We expect you to bring:
  • PhD or equivalent experience in Machine Learning, Computer Science, Statistics, Physics, or a related quantitative field - 5+ years (Senior) or 8+ years (Staff) of hands-on applied ML experience, including production-grade work.
  • Deep familiarity with modern deep learning stack (PyTorch or JAX), and breadth across at least two of: generative models (diffusion, autoregressive, flow-based), graph and equivariant networks, vision (CNNs, ViTs, multimodal LLMs), search and planning (MCTS, A*), or agentic / RL systems.
  • Experience taking ML from prototype to production: reproducible pipelines, distributed jobs, and batch workflows on cloud (AWS / GCP / Azure) or HPC.
  • Strong scientific computing instincts: clean Python, careful experiment design, leakage-aware splits, and rigorous benchmarks.
  • Clear communication with non-ML scientists and engineers and a willingness to pick up new domains (you don't need to know chemistry on day one).
  • (Staff level) A track record of technical leadership: mentoring, setting standards, and influencing scientific and technical direction beyond your own projects.

Beneficial Skills
  • Practical experience with active learning, Bayesian optimisation, conformal prediction, or uncertainty quantification in iterative real-world loops.
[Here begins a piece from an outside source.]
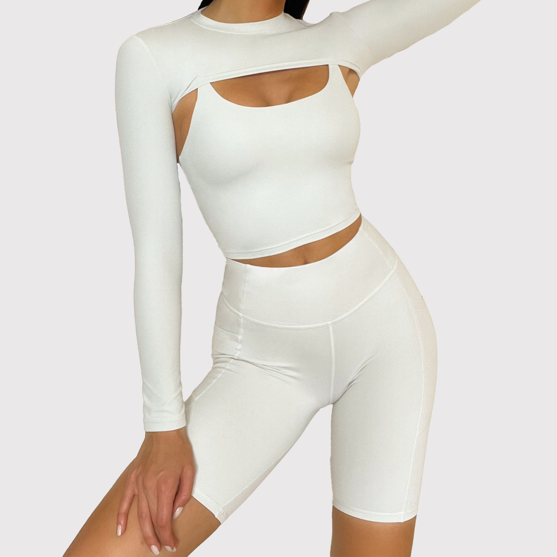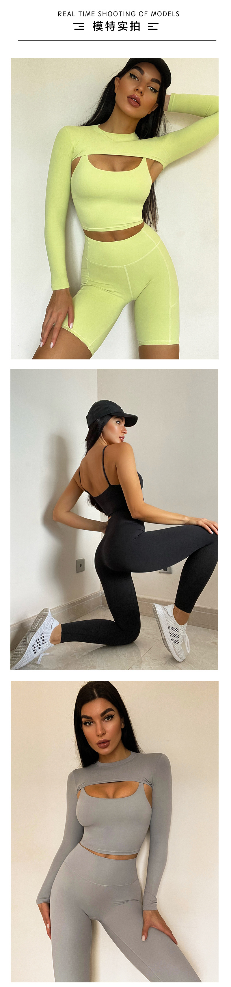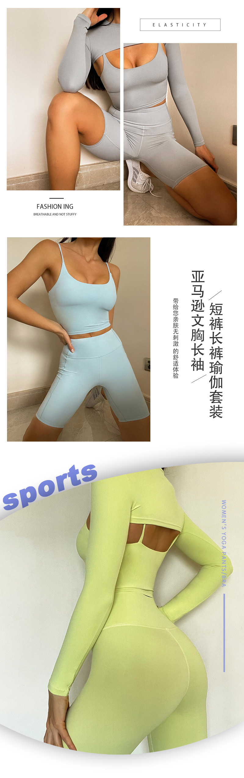 秋冬亚马逊文胸长袖短裤长裤瑜伽套装跑步运动短裤四件套瑜伽服女
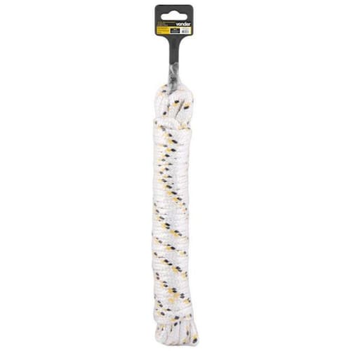 Corda Multifilamento Trançada 8Mm X 10M Vonder Ideal para amarração de cargas, fardos, confecção de barrigueiras, redes de proteção esportivas, utilização em frigoríficos, cortinas de aviários e na agricultura em geral. Não utilizar para elevação/transporte de pessoas, cargas ou animais. Não utilizar em cadeiras suspensas, cabos de guia de segurança e fixação de trava quedas. Variação admitida na massa e diâmetro de até 5% para mais ou para menos. Não indicada para uso externo ou locais onde possa ter incidência direta de sol, pois não possui proteção contra raios ultravioleta. Fabricado em polipropileno - PP, possui boa resistência à abrasão e tração. Material 100% virgem. Conteúdo da embalagem: 1 Cartela com 10 metros Referência: 80.46.008.010 Vonder Marca: Não Informado Ean: 7893946489779

  • Familiarity with retrosynthesis ML, computer-aided synthesis planning (CASP), or reaction-condition / yield prediction.
  • Working knowledge of how ML fits into a drug-discovery or materials-design workflow, plus familiarity with cheminformatics tooling (e.g. RDKit, OpenEye) - or willingness to pick these up.
  • MLOps fluency: experiment tracking, data versioning, model serving, and observability of deployed models.
  • A visible track record in the field - peer-reviewed publications, open-source contributions, or public projects that demonstrate your judgement on real ML problems.

Why Join Chemify?
Impact:
Your models will directly shape what Chemify's robotic platform proposes, plans, and observes - at a company uniquely positioned to close the loop between design and physical experiment.
Autonomy:
Reporting to the Head of Advanced Machine Learning, you will work across the AI/ML problems with the most impact, and have meaningful influence over the direction of our AI/ML capability.
Ambition:
We are a Series B deep-tech company investing in world-class infrastructure and tackling problems at the frontier of AI, robotics, and chemistry. You will have the resources and the mandate to do AI/ML in a way that isn't possible elsewhere - across chemistry, vision, search, and autonomous systems on the same platform.